### Material provided
-- Opening Marker --

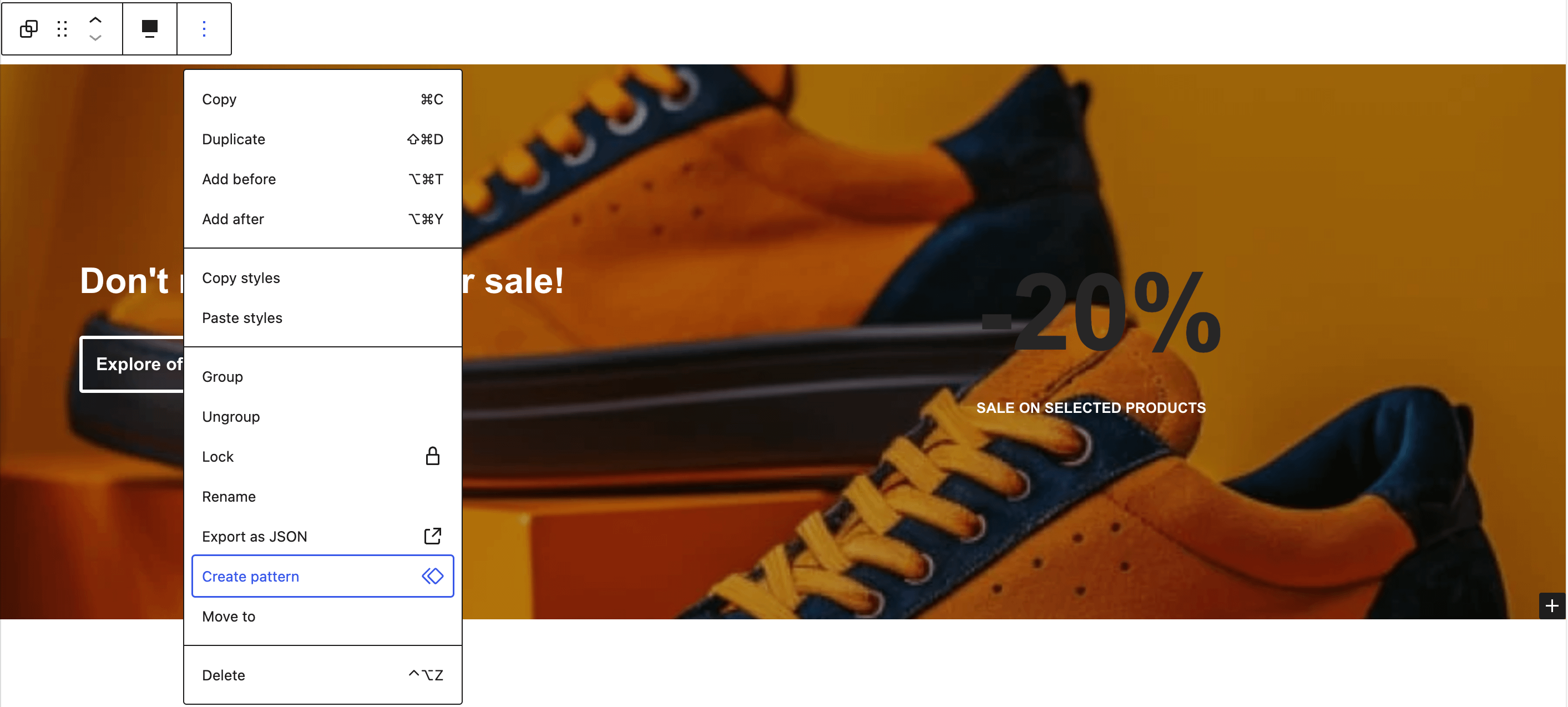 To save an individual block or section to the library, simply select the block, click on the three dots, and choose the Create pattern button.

-- Closing Marker --
-- Opening Marker --

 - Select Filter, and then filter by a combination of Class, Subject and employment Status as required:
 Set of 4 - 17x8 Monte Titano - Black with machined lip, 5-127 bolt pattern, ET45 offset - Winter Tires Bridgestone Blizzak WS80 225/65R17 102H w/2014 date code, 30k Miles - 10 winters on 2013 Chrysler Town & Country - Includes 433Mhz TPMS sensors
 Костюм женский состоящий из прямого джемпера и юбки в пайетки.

-- Closing Marker --

### Your assignment
Copy out, exactly and alone, the lines of the entries above between the ones holding "- Select Filter, and" and "Костюм женский состоящий", inclusive.

### Written response
 - Select Filter, and then filter by a combination of Class, Subject and employment Status as required:
 Set of 4 - 17x8 Monte Titano - Black with machined lip, 5-127 bolt pattern, ET45 offset - Winter Tires Bridgestone Blizzak WS80 225/65R17 102H w/2014 date code, 30k Miles - 10 winters on 2013 Chrysler Town & Country - Includes 433Mhz TPMS sensors
 Костюм женский состоящий из прямого джемпера и юбки в пайетки.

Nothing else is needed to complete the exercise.